Las aerolíneas low cost que dominan el Caribe

En este escenario, compañías como Arajet, con base en República Dominicana, se han posicionado como principales actores al abrir nuevas conexiones regionales y captar a un público que busca viajar sin asumir costos elevados. A ellas se suman JetBlue, Spirit y Frontier, que mantienen una fuerte presencia en aeropuertos dominicanos con ofertas que atraen tanto a turistas como a la diáspora.
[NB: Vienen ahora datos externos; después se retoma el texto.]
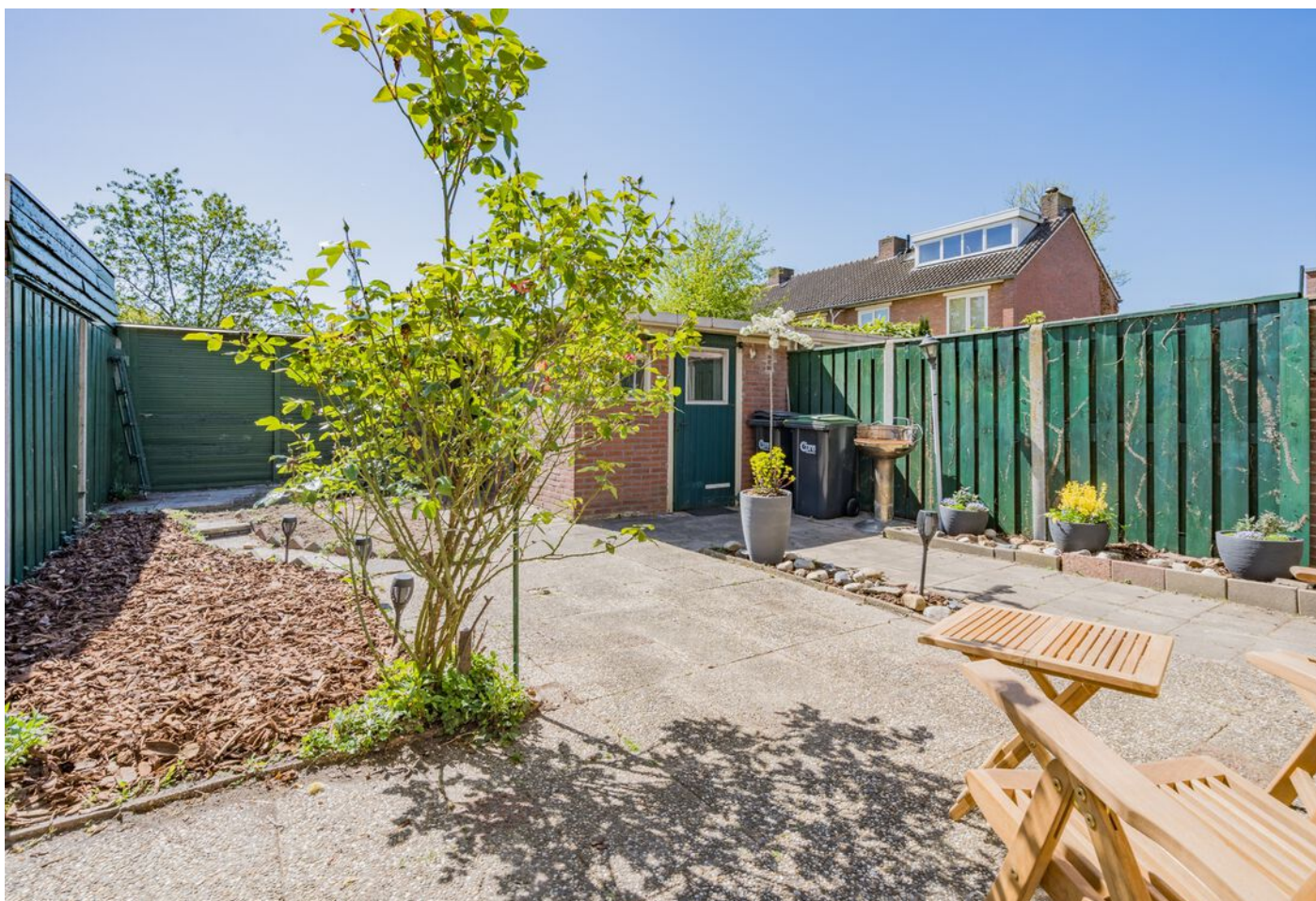
Vicaris Van Alphenstraat 8, Eindhoven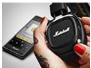
マーシャル感満点のイヤホン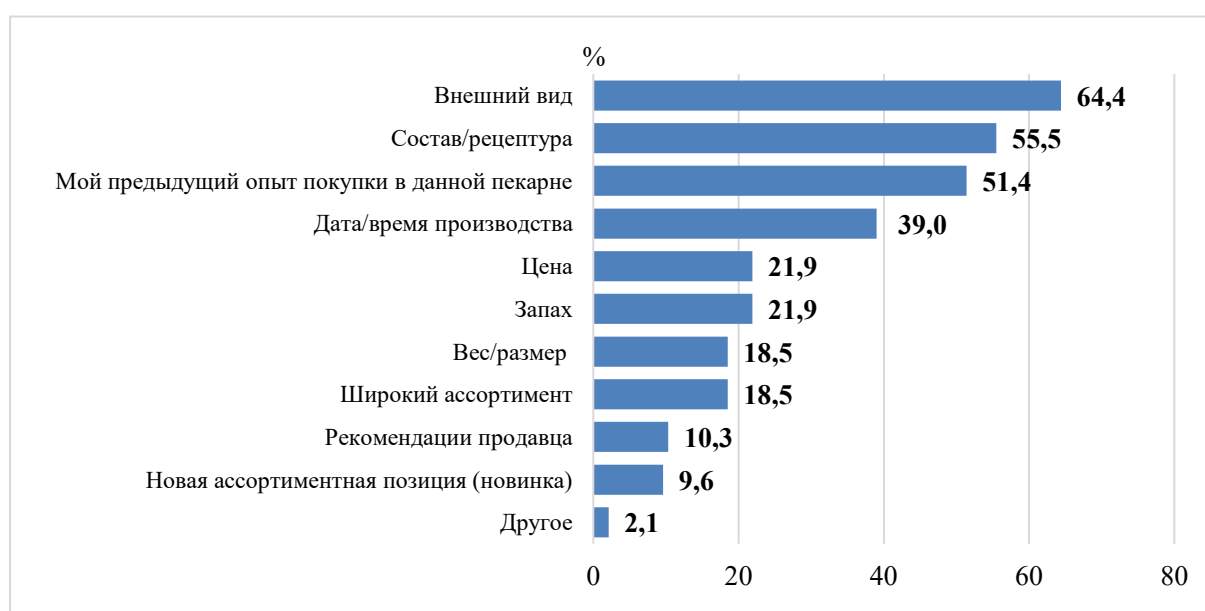
Рис. 3. Критерии выбора хлебобулочных изделий в пекарнях, %

тывается более 11 тысяч субъектов хлебопроизводства. Для российской хлебопекарной отрасли характерна высокая концентрация производственных мощностей на крупных предприятиях при одновременном функционировании большого количества малых предприятий; доля средних и крупных хлебопекарен на российском рынке составляет более 70%, а малых – около 30% [2].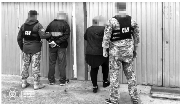
Спритники шахраювали на загальну суму майже 200 тисяч гривень.

Смілянська міська рада сприяла виготовленню та придбанню допомоги і надала зловмисникам майже 2 тис. банок тушонки. Однак псевдоволонтери вирішили на-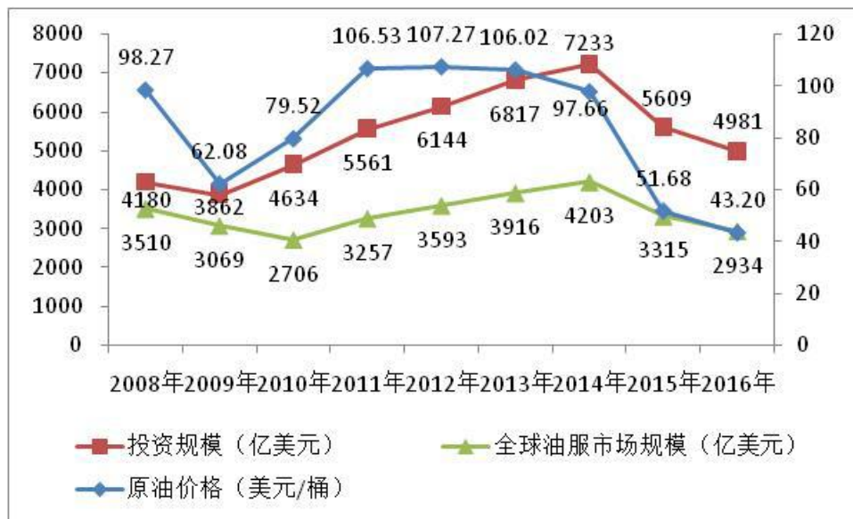
图 3-15 2008-2016 年全球油田技术服务市场规模

石油技术服务行业整体市场直接受下游石油开发公司石油投资计划影响，具有极强正相关性，同时石油开发公司石油投资计划的最大风向标就是国际油价，因此可以说全球油价的变化趋势，在极大程度上影响了石油技术服务市场的发展。全球原油价格、石油勘探开发投资和油田技术服务市场的关联情况可以根据下图清晰看出。

A nivel regional, el mercado también ha sido dinamizado por aerolíneas como Wingo, del grupo Copa, junto a Volaris y Viva Aerobus, que han consolidado rutas entre el Caribe, México y Sudamérica. Aunque algunas no operan bajo un modelo low cost estricto, su estructura de tarifas simplificadas y políticas de servicio ajustadas las coloca en una competencia directa con las aerolíneas económicas.
En las islas, operadores como interCaribbean Airways o Caribbean Sun mantienen un flujo constante de vuelos cortos que facilitan la movilidad entre territorios donde el transporte aéreo es la principal vía de comunicación.